Let’s vaccinate the young people

As we near the 18-month mark since the start of lockdown, I’m coming to terms with the restrictions on my liberties, but I’m concerned about the youth who are missing out on their childhoods and proper schooling.

For the past year and half, as we’ve been pretty much jailed in our homes and our provinces, we have been promised that life will get better if we wash our hands, sanitise, and wear face masks.

We have been promised that life will get back to normal once we be the jab. But we are facing a number of challenges, among them the relatively slow roll-out of vaccines and the reluctance of some people to be vaccinated.

In the meantime, many people have lost their jobs and young people’s futures are being compromised.

During the third wave of infections, it was reported that the Delta variant had killed more young people than other strains had, particularly in the 15- to 35-year-old age group.

Surely we should therefore be focusing on getting as many young people vaccinated as possible?

While President Cyril Ramaphosa has announced that 18- to 34-year-olds will be vaccinated from September 1, I feel like we have cruelly stagnated our children’s development by prioritising older people in the vaccine rollout. We are like leaders who stay at home while their troops are at war.

The youth are the future, so surely we should prioritise getting them vaccinated so that they can get their childhoods back and their dreams back on track?

While it is good to teach them to wash their hands and live healthy lives, we also need to free them from the shackles of coronavirus. So why not vaccinate them and let them get back to school?

Mark my words, by March next year, we will still be scrambling to protect ourselves against Covid-19. We will still be burying our loved ones, leaving young people to fend for themselves as they will have lost their parents.

While I have continued to work from the office during the pandemic, my work takes me to the townships, and my experience has been that there is terrible fear, and a desperation for life to get back to normal.

And I too have been hopeful that it would. I believed that God would not let his people continue to die like flies.

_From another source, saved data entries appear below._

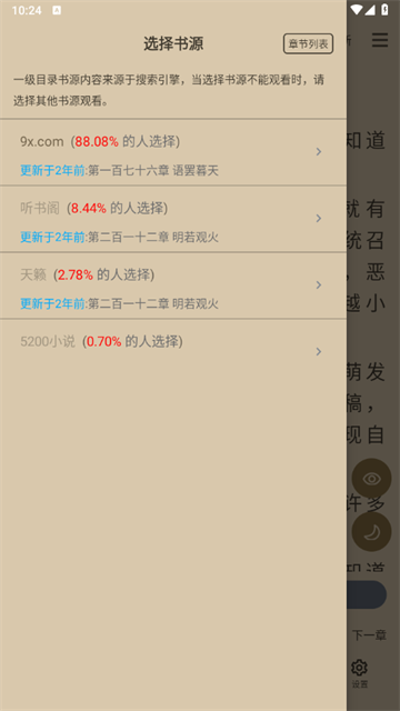 3、这样一来,用户只需要在选择来源的页面里,找到更新快的书源网站,进行点击就可以完成换源,享受好的阅读体验。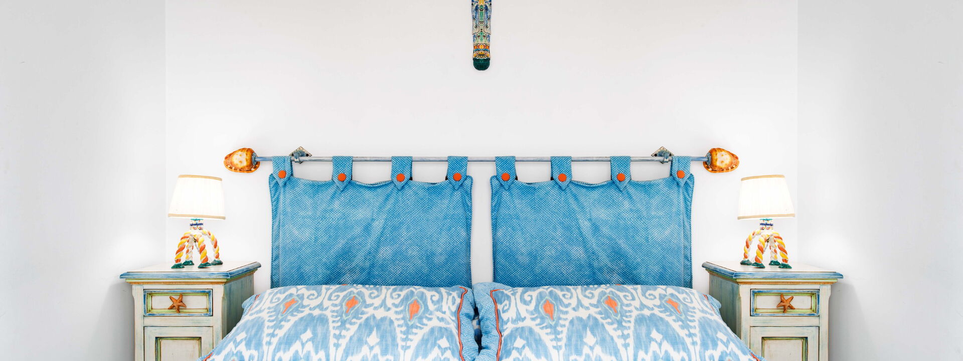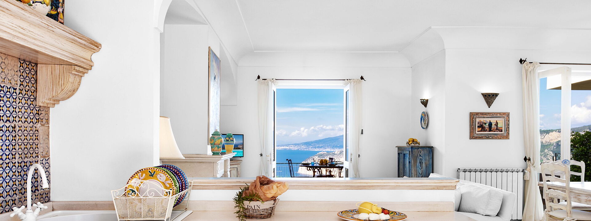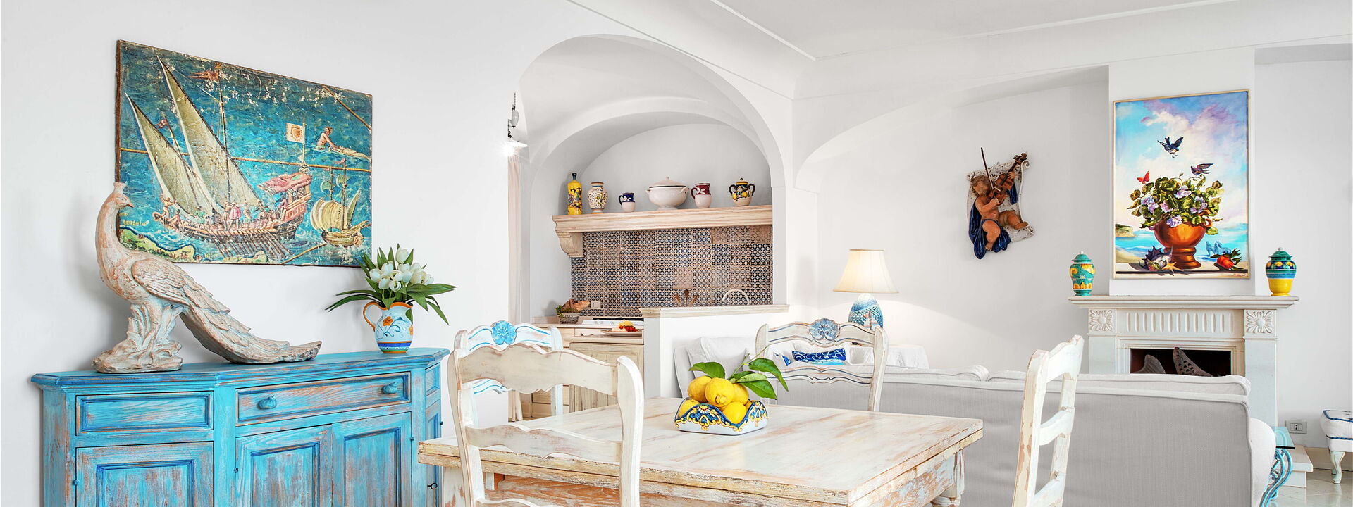 La villa è piena di carattere e personalità, con arredi scelti con cura e grande attenzione ai dettagli. I soffitti sono ad arco e dipinti di bianco, mentre una combinazione di colori blu e bianco richiama le tonalità del mare e del cielo esterni.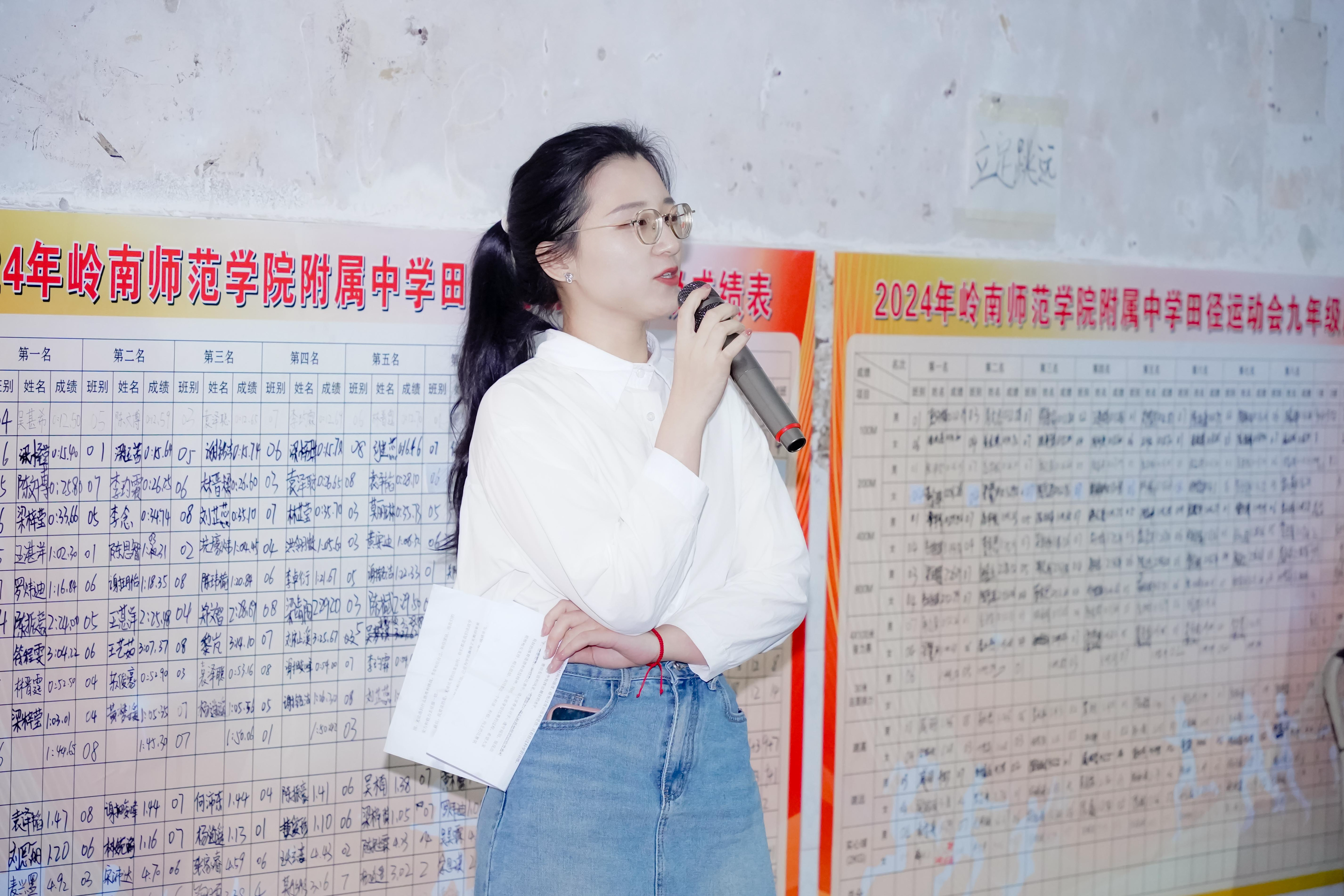 随后,黄诗娜作了指导讲话,她首先对全体运动员所展现出的不畏艰辛、积极备战的崇高精神给予了高度评价,并就运动员们的日常训练及比赛事宜,提出了以下三项重要注意事项:其一,务必坚持安全第一的原则,训练或比赛时要严格做好防护措施,充分进行热身准备。其二,要积极参与,科学训练。合理安排训练时间和强度,循序渐进地提升体能与技能。其三,要赛出友谊与风采。在比赛中,要尊重对手、遵守规则,展现出良好的体育道德和竞技精神。最后,她衷心祝愿每一位运动员都能在校运会中超越自我、成就非凡,并预祝法政学院在赛场上再续辉煌,再创佳绩。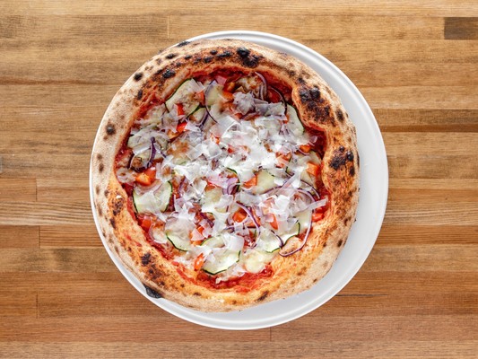 Pomidory San Marzano, mozzarella fior di latte, czosnek, cebula czerwona, cukinia, papryka, Grana Padano D.O.P.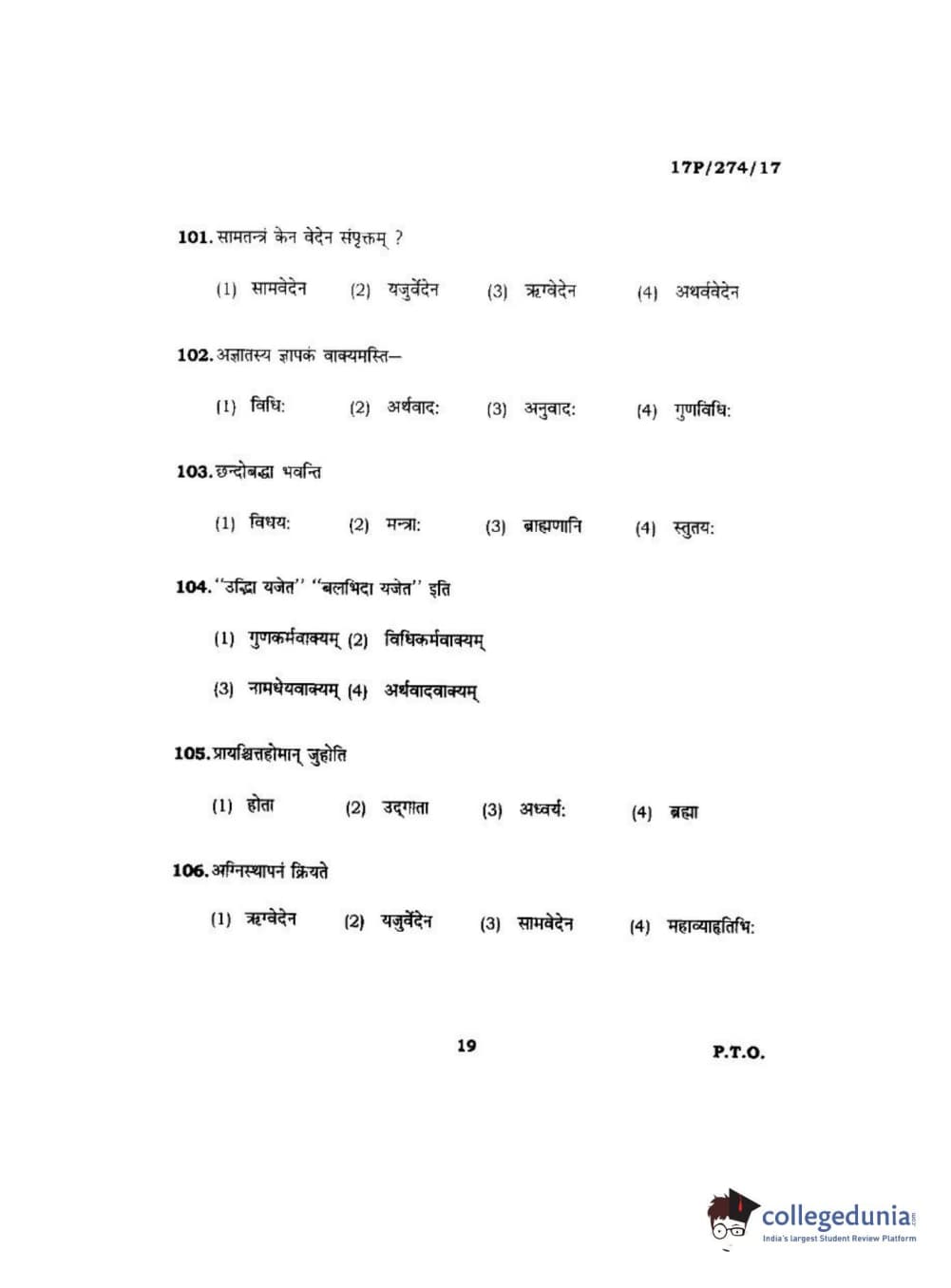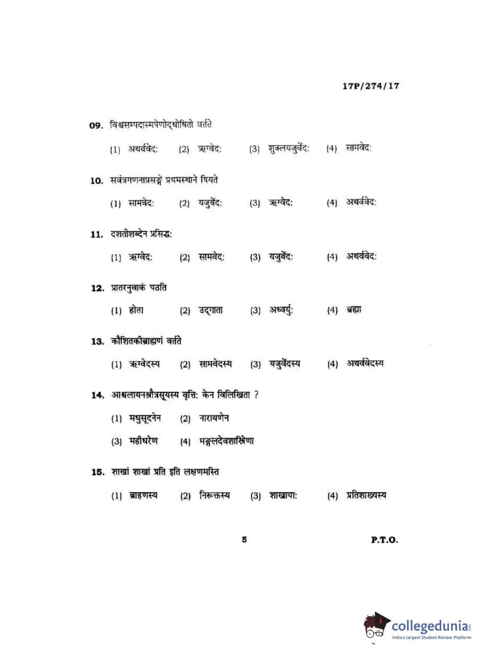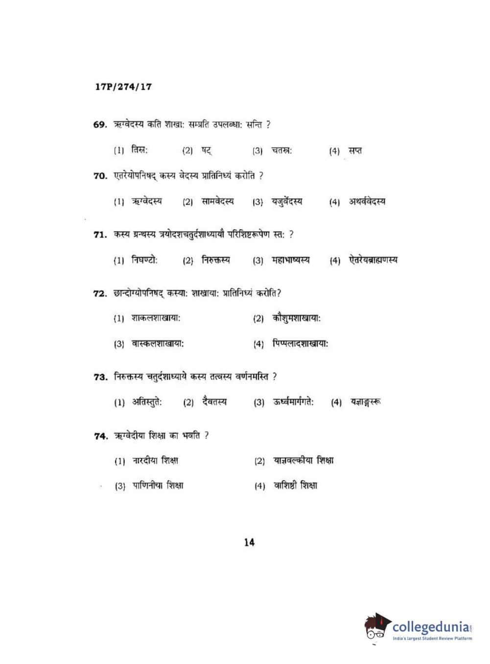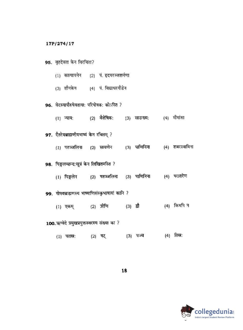 BHU PET 2017 Acharya in Rigveda Question Paper with Answer Key PDFs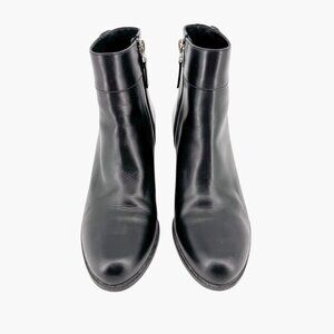 Fendi Stud Ankle Boots EU 38 US 8 Black Leather Bootie Low Block Heel Spike Zip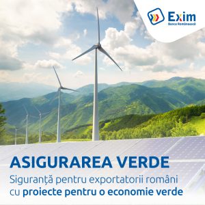 Exim Banca Românească a lansat Asigurarea verde pentru exportatori cu proiecte care contribuie la reducerea impactului schimbărilor climatice, se arată într-un comunicat al băncii.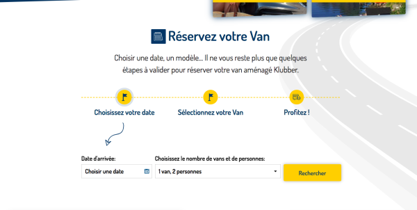 Le site klubber-trips.com propose un parcours client en ligne simple, pour louer un van Klubber en quelques clics. Ce service de location on line offre, sur une seule plateforme, un large choix de modèles de la marque de 5 à 8 places carte grise. Sur le site, vous n'avez qu'à choisir vos dates départ/retour puis sélectionner votre van.image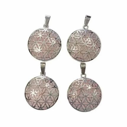 Rose Quartz Flower of Life Metal Pendant A 25mm x4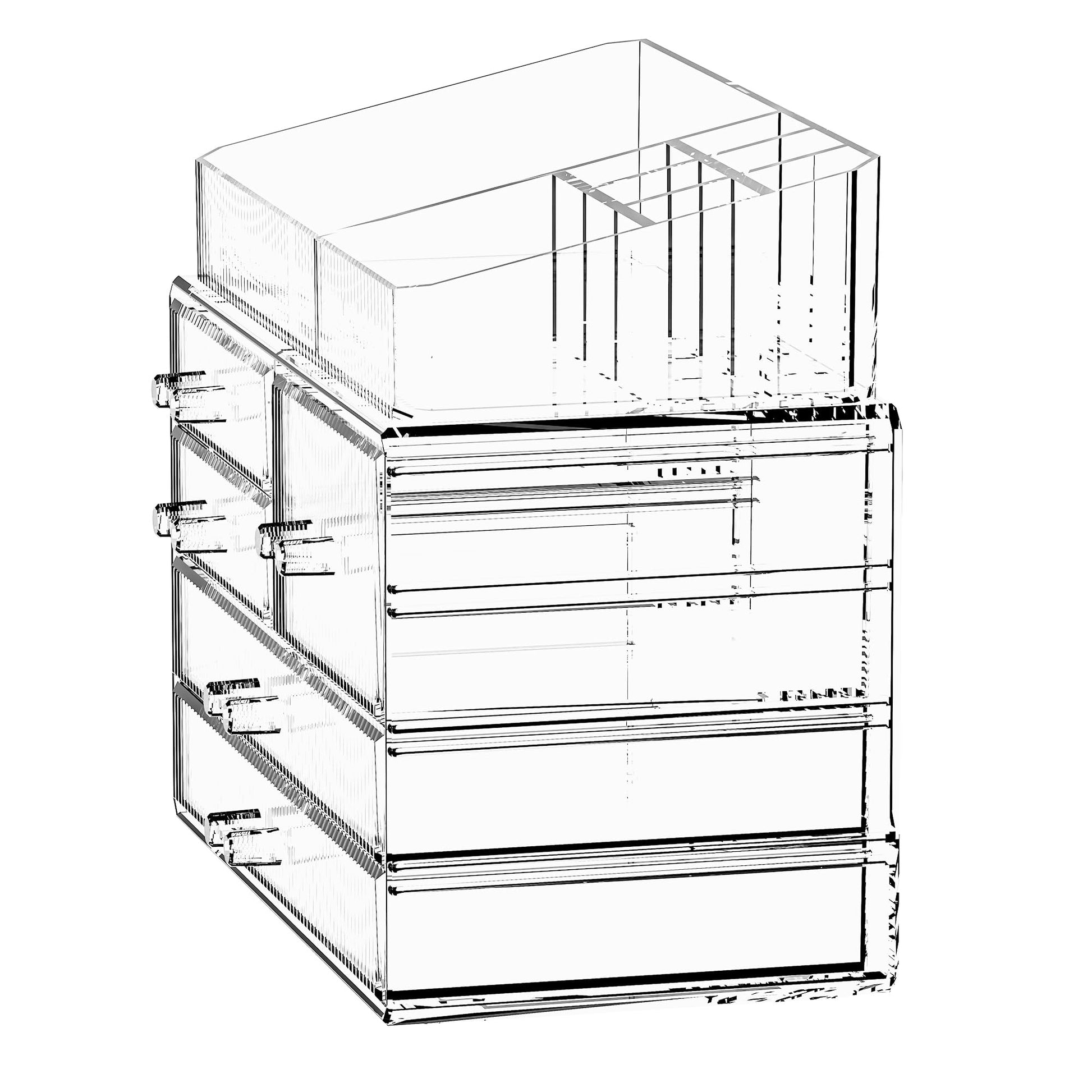 ZHIAI Stackable Storage Drawers, Acrylic Bathroom Counter Organizer Clear Makeup Organizers for Vanity, Kitchen Cabinets, Bathroom, Undersink, Home Organization and Storage (2Top 3 Drawers,)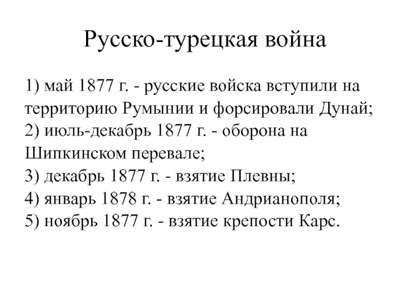 3) 1877 г. - Россия объявила войну Османской империи.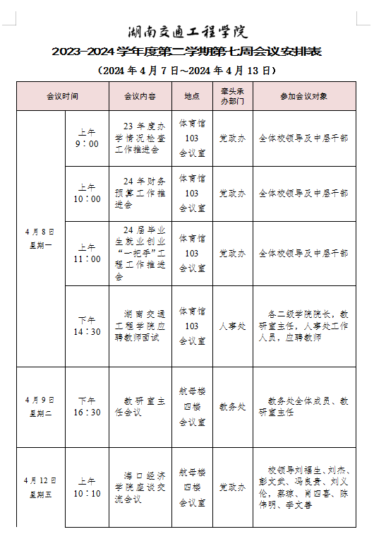 best365中国官方网站2023-2024学年度第二学期第七周会议安排表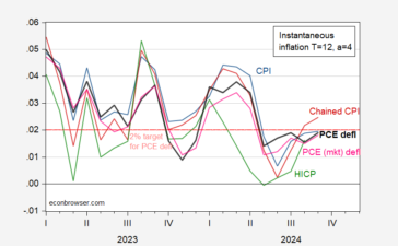 With PCE deflators released today: Figure 1: Instantaneous inflation (T=12, a=4) for CPI (blue), chained CPI (dark red), PCE deflator...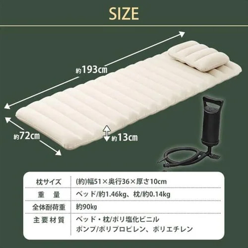 | 耐荷重(kg) | 90 | 材質 | ベッド・枕:ポリ塩化ビニル(上面のみフロッキー加工) ポンプ:ポリプロピレン、ポリエチレン |
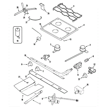 This top burner valve controls gas flow to a single surface burner, restoring reliable ignition and adjustable flame control for gas cooktops. Replaces a worn or leaking burner valve to help stop uneven flames and gas smell. What it does: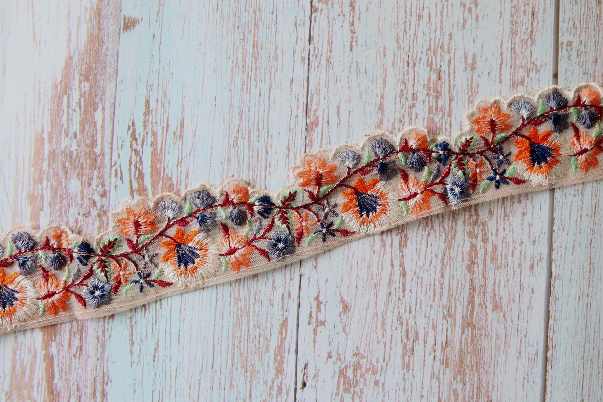 A delicate scallop trim with a pretty floral design. Created with cutwork in a scallop design. With intricate embroidery in white, pink, blue and light pastel sahdes. The scallop edges are trimmed with white, making it even more elegant. Sure to make any project you use it on stand out with its grace and beauty.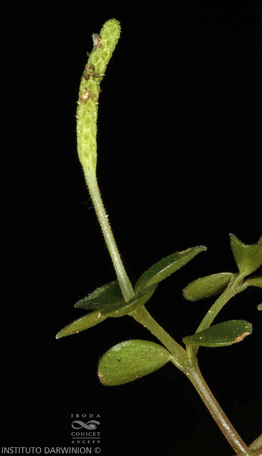 Hierbas epífitas, erectas, de 10-15 cm de alto; tallos radicantes en los nudos inferiores, entrenudos de 1-2 cm de largo, pubérulos. Hojas en verticilos de 3-4, a veces opuestas, con pecíolos de 0,1- 0,2 cm de largo; láminas elíptico-obovadas, de 0,4-10 × 0,3-0,8 cm, base aguda, ápice redondeado, cartáceas, palmati-3-nervadas, glabras a esparcidamente pubescentes, cilioladas. Inflorescencias terminales, solitarias, de 1-2,5 × 0,1 cm, densifloras; pedúnculos de 1-1,5 cm de largo, raquis verrucoso; brácteas florales orbiculares. Frutos inmersos en el raquis, ovoideo-elipsoides, de 0,8-1 mm de largo, sésiles, de superficie lisa, con pseudocúpula basal, estigma apical.

But unfortunately they have.

But for how long are we going to have alert levels dictate the pace of lives, what we’re allowed to do or not do?

While the restrictions may have helped “flatten curve”, many people who are expected to adhere to them are in the same situation they were in pre-Covid, maybe even worse. They are poor. They do not have food. Faeces flows through the streets of their communities. They do not have running water – but are expected to wash their hands regularly.

These are people who have to relieve themselves in the bush when nature calls.

And when they are finally free of coronavirus, they will still need to be freed from so much more.

Let’s give our children the chance to escape this life by getting them vaccinated and preparing for the future.